_BRIEF:_
Exactly and only the lines below from the one containing "うな重も炭火焼牛肉も食べたい欲張りな人にピッタリなメニューです。" down to the one containing "なんとか綺麗に撮れた、お刺身盛り合わせとデザートを御覧下さい。💦" are wanted, both included; please exclude every picture.

Dataset entries:
•••••

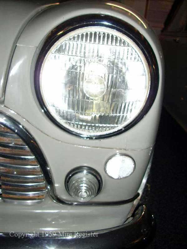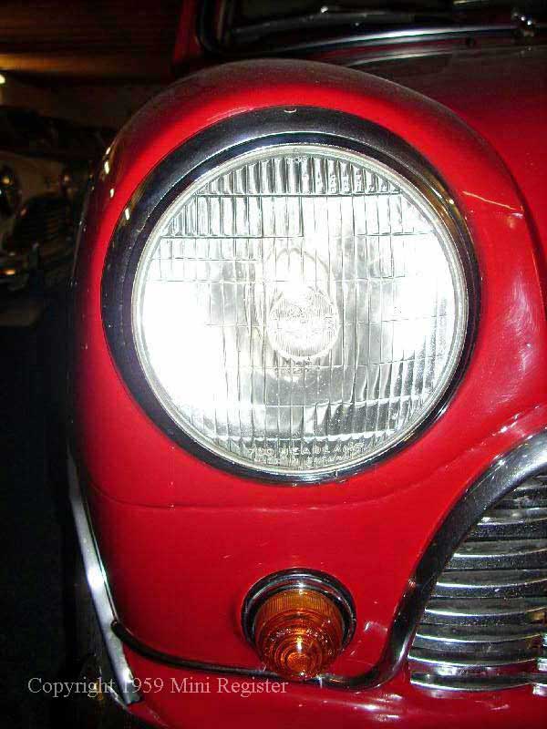 Pre focus Lucas 700 head lights were used in both LHD and RHD configurations.  An orange lens was used on the indicator. In some export markets like Denmark and South Africa the side lights were incorporated in to the front indicator so there is no side light provision in the head light and a clear lens on the indicator.
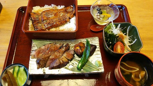 うな重も炭火焼牛肉も食べたい欲張りな人にピッタリなメニューです。
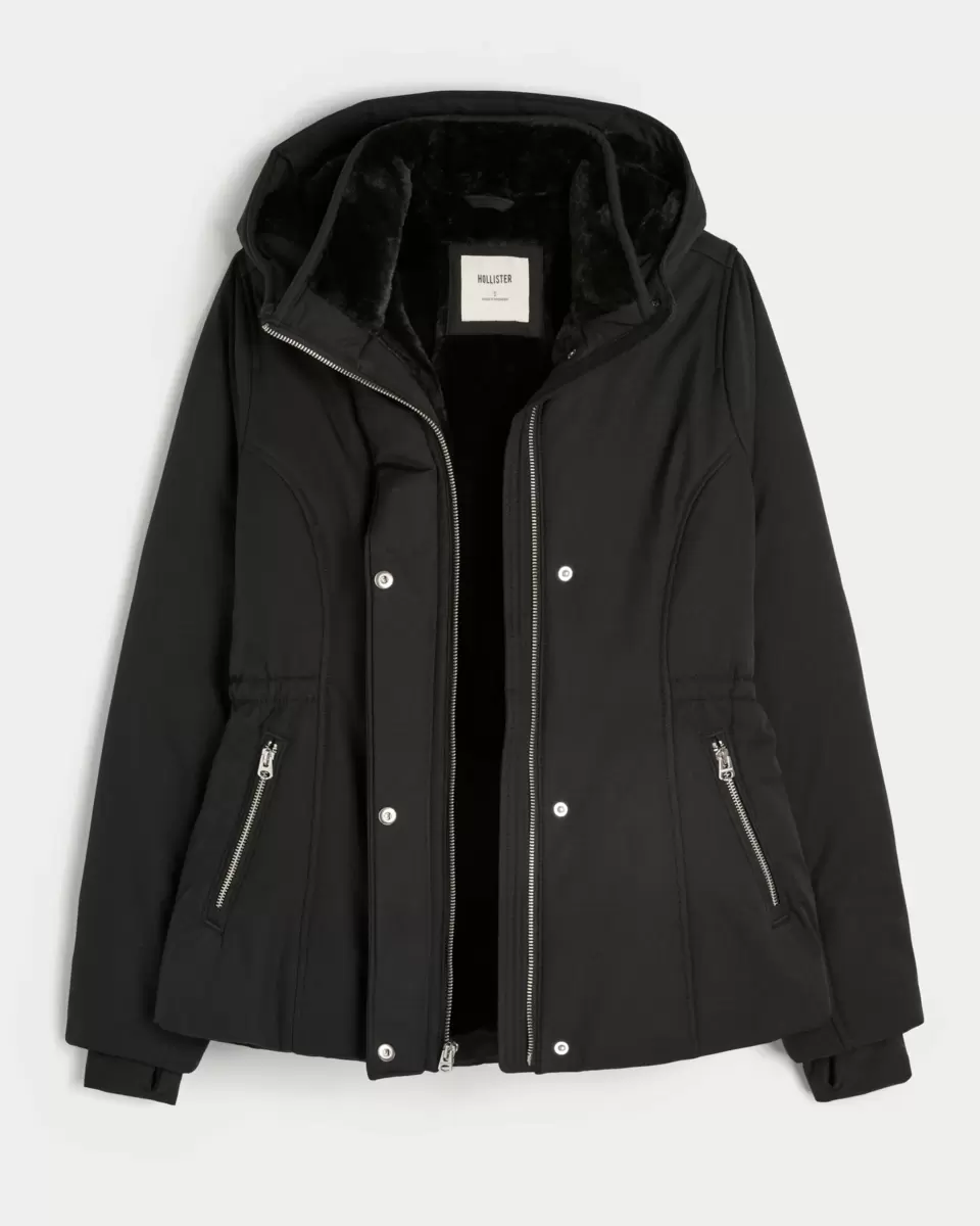 This super comfortable jacket features cozy faux fur lining, a full zipper closure with snaps and a faux fur-lined hood. Front zipper pockets, storm cuffs with thumb openings. Imported.
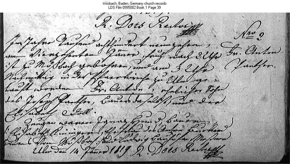 | Birth Record - Original Mösbach, Baden, Germany church records LDS Film 0995082 Book 1 Page 39 |
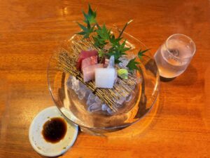 なんとか綺麗に撮れた、お刺身盛り合わせとデザートを御覧下さい。💦
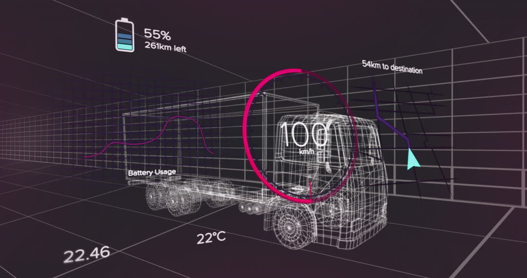Digital representation of a truck with layered data information displayed, including metrics such as speed, battery life, and distance to destination. Ideal for use in technology ads, transport innovations, automotive infographics, or presentations focused on smart vehicles and data analytics.
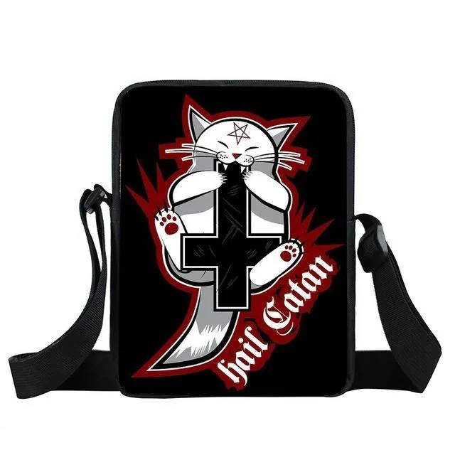 Entdecken Sie die Gothic Tasche Gegrüßet seist du Satan, ein Must-Have für alle Gothic- und Dark-Fashion-Liebhaber! Diese Umhängetasche aus strapazierfähigem Nylongewebe vereint Funktionalität und Stil und bietet ein dämonisch elegantes Design, das Ihren Look auf ein neues Level hebt. Perfekt für alle, die einen dunklen, rebellischen Look suchen – von Alltag bis Gothic-Events.

•••••

_SOLVED EXERCISE:_
 うな重も炭火焼牛肉も食べたい欲張りな人にピッタリなメニューです。
 This super comfortable jacket features cozy faux fur lining, a full zipper closure with snaps and a faux fur-lined hood. Front zipper pockets, storm cuffs with thumb openings. Imported.
 | Birth Record - Original Mösbach, Baden, Germany church records LDS Film 0995082 Book 1 Page 39 |
 なんとか綺麗に撮れた、お刺身盛り合わせとデザートを御覧下さい。💦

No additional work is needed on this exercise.